Assembly Passes Affordable Housing Bill
Posted by Phil Morin on 17 Jun 2008 | Tagged as: Affordable Housing, Highlands, Pinelands, Legislation
In a vote essentially along party lines, Assembly Speaker Joseph Roberts’s affordable housing reform bill was passed 45-33. The only “no” vote among the Democratic members of the Assembly was Linda Stender (D-Union), who is running for an open seat in the Republican-leaning 7th Congressional District against State Senator Leonard Lance (R-Hunterdon). One of the major overhalls to the Fair Housing Act in this bill is the elimination of Regional Contribution Agreements, or RCAs, which allow suburban and rural towns to transfer their affordable housing obligations to older suburban and urban areas in exchange for a calculated payment. As a result, all communities, with the exception of five regional planning areas, must provide for their fair share of affordable housing within their municipal boundaries.
According to the Star Ledger:
While ending the RCAs, the bill would raise new funds for construction or rehabilitation of affordable homes by charging developers a 2.5 percent fee on the value of commercial buildings they erect. Of the $163 million the state hopes to raise through the levy, $20 million would be set aside annually to replace the money that was provided by the affluent towns. The remainder would go toward providing affordable housing statewide.
Another $109 million in state realty transfer fee revenue, and an estimated $190 million in development fees already raised but not yet spent by municipalities, also would go toward the housing.

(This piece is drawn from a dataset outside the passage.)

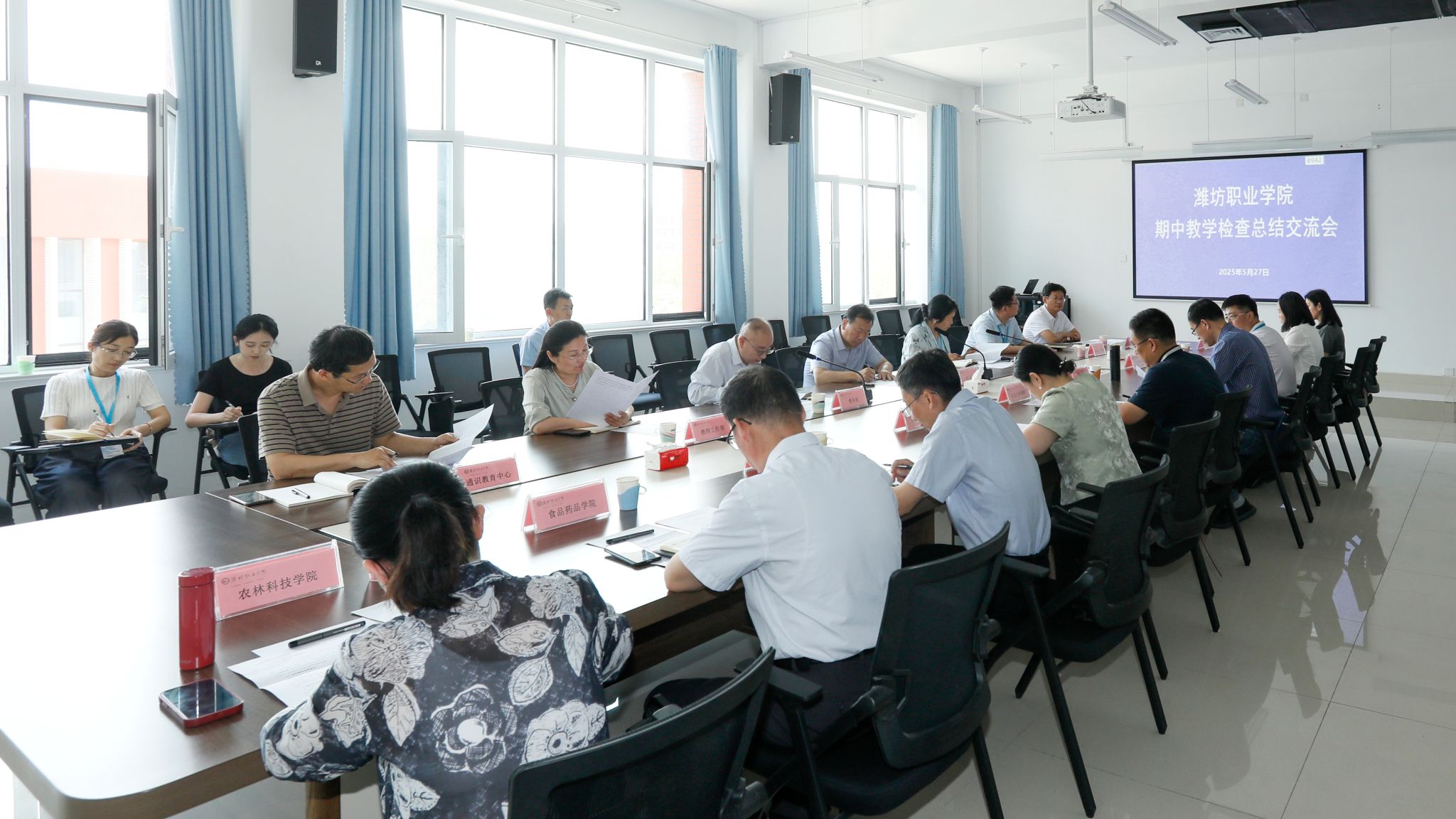 5月27日下午,学院期中教学检查总结交流会在滨海校区南区智泽1号楼国际商务学院会议室举行。学院党委副书记贺志强,宣传部部长鞠桂芹出席会议,各二级学院(中心)主要行政负责人、教学负责人,教务处、教师工作部、团委学生工作处主要负责人,教务处相关人员参加会议。鞠桂芹主持会议。贺志强对学院期中教学检查、教学督导工作、各教学部门前期教学工作推进落实给予了充分肯定。他要求,各教学部门要抓紧抓好六项工作:一是按照升本要求做好师资调配及教学档案整理等教学工作,...更多 -

The legislation also would create five areas, each with 25 towns, that would work collectively to provide affordable housing in their regions. In four of those areas — the Highlands, the Pinelands, the Meadowlands and Fort Monmouth — they would seek to place as much of 50 percent of their affordable housing near mass transportation. The fifth area, the Atlantic City region, would have no restrictions on where the housing could be placed.
The legislation also would require that 20 percent of state-assisted development projects, such as transit villages, be set aside for affordable units. It would increase the maximum income to qualify for affordable housing from $63,000 to $87,000 for a family of four, and replace every affordable unit lost through redevelopment with another.
The proposal would create a State Housing Commission to develop an annual strategic housing plan, submit annual reports to the Legislature and require regular publication of affordable housing statistics.